For one thing, she’d never actually ridden in one of the fast-but-tiny shuttles she was learning to maintain. To reach the Vance’s orbit around earth, she’d taken a huge craft that held a hundred people. On that shuttle, you didn’t feel in your bones every jolt or shift of direction, you didn’t smell machinery straining, you didn’t grow heavy and sweaty as the shuttle burned through the atmosphere. Light-craft were built for speed and efficiency, not comfort.
For another thing, last month she’d helped replace one of this craft’s Pulsed Detonation Engines, needed for atmospheric flight. Trusting her life to her own inexperienced work was scary. Isolated in her mummy case, she wondered if Paolo McShallin was afraid. Probably not.
The light-craft landed on a graveled roof in the city of Oah-Shode. The moment the door of the shuttle whined open, letting in alien light and air, excitement drove fear from her mind. Anticipation made her clumsy with the switches and straps of her mummy case; Umberto Lopez, a round-faced young man from her group, had to help her get out.
Lopez and two of the other men descended the light-craft’s stairs to the rooftop. Then it was her turn. Tompa watched her foot as she stepped onto an alien planet for the first time, almost expecting it to glow like the special effects in a show. Looking up, she was vaguely aware of green hills surrounding a sea of rooftops all the same height; but mostly, she concentrated on the dozen Shon-Wod-Zees clustered around the light-craft. They were bald, which made them seem old, but at the same time their eyes, twice the size of a human’s, made them look like children. They were small, too, barely reaching her shoulder—and she was so short that they’d almost disqualified her from the Ship’s Ward program even though it wasn’t her flickin’ fault she’d suffered from poor nutrition.
The Shons all looked exactly the same to her.
A Shon stepped forward. When it spoke in a voice that combined the squawks of a parrot with the trilling bleats of a lamb, she jumped, then giggled. McShallin, who had the group’s only translator, responded—something about not having weapons—and Tompa realized that her mind was so swamped by strangeness that details didn’t stick. Everything was a delightful blur.
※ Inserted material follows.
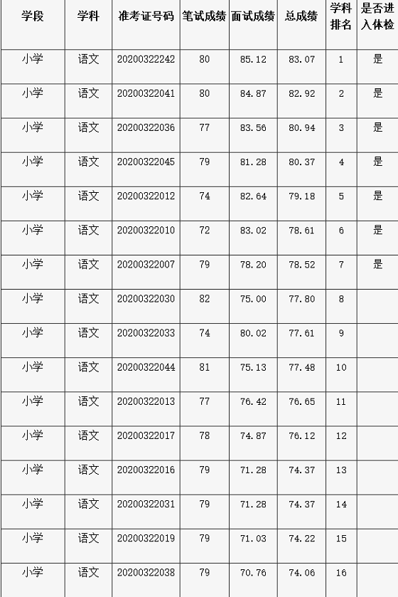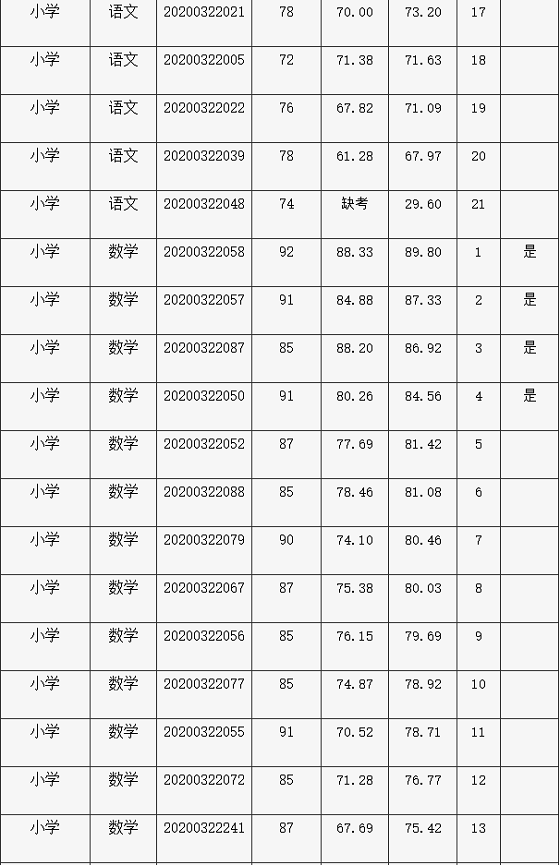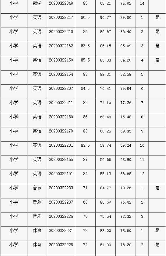 根據(jù)《華東師范大學(xué)蘇州灣實驗小學(xué)2020年招聘公告》,由于通過面試的骨干教師人數(shù)少于擬招聘的骨干教師數(shù),故相應(yīng)學(xué)科名額調(diào)劑至教師招聘人數(shù)。2020年4月5日組織教師面試,現(xiàn)將成績予以公示,公示時間:2020年4月7日——2020年4月13日。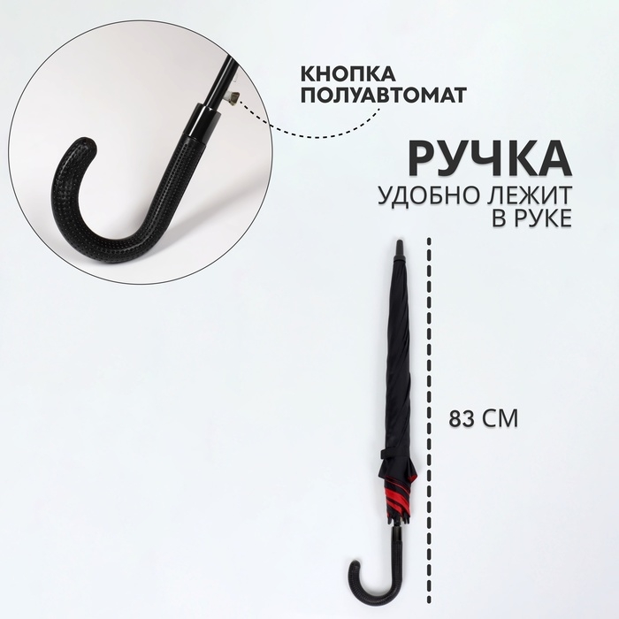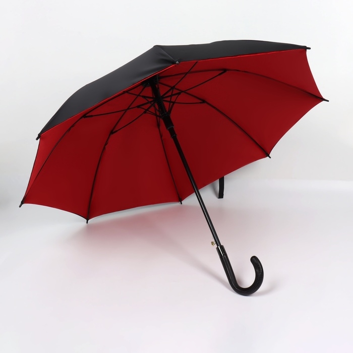 Зонт - трость полуавтоматический «Однотонный», эпонж, двухслойный, 8 спиц, R = 51/60 см, D = 120 см, цвет чёрный/красный

She grinned as she walked across the gravel to a hole in the roof where a narrow ladder with closely spaced steps led down into the building. They went through a maze of tunnel-like halls with low ceilings that forced the men to walk hunched over. They were polite and watched that she kept with them, but spoke little to her—which was just how she wanted it.
Eventually, they emerged onto a dark, crowded pedestrian walkway that was roofed by a road traveled by infrequent but noisy vehicles. As the group plunged into the crowds on the walkway, Tompa studied the Shons, struggling to grasp more about them. They had pear-shaped bodies with wide hips and heads that tapered from the shoulders without pausing for a neck; folds of skin marked the neck joint. Their lack of hair, along with the freckled, greenish tinge to their skin, reinforced the resemblance to pears. Talking pears, that is, whose supple faces displayed a confusing array of expressions that were almost, but not quite, comprehensible.
Once Tompa made the comparison to pears, the aliens seemed to click into place for her. She began noticing that they didn’t all look the same. For one thing, the Shons on the streets were clothed in a wide variety of colors and styles. Some were fatter than others and some were taller—though none were as tall as she was. How marvelous to be able to see over a crowd!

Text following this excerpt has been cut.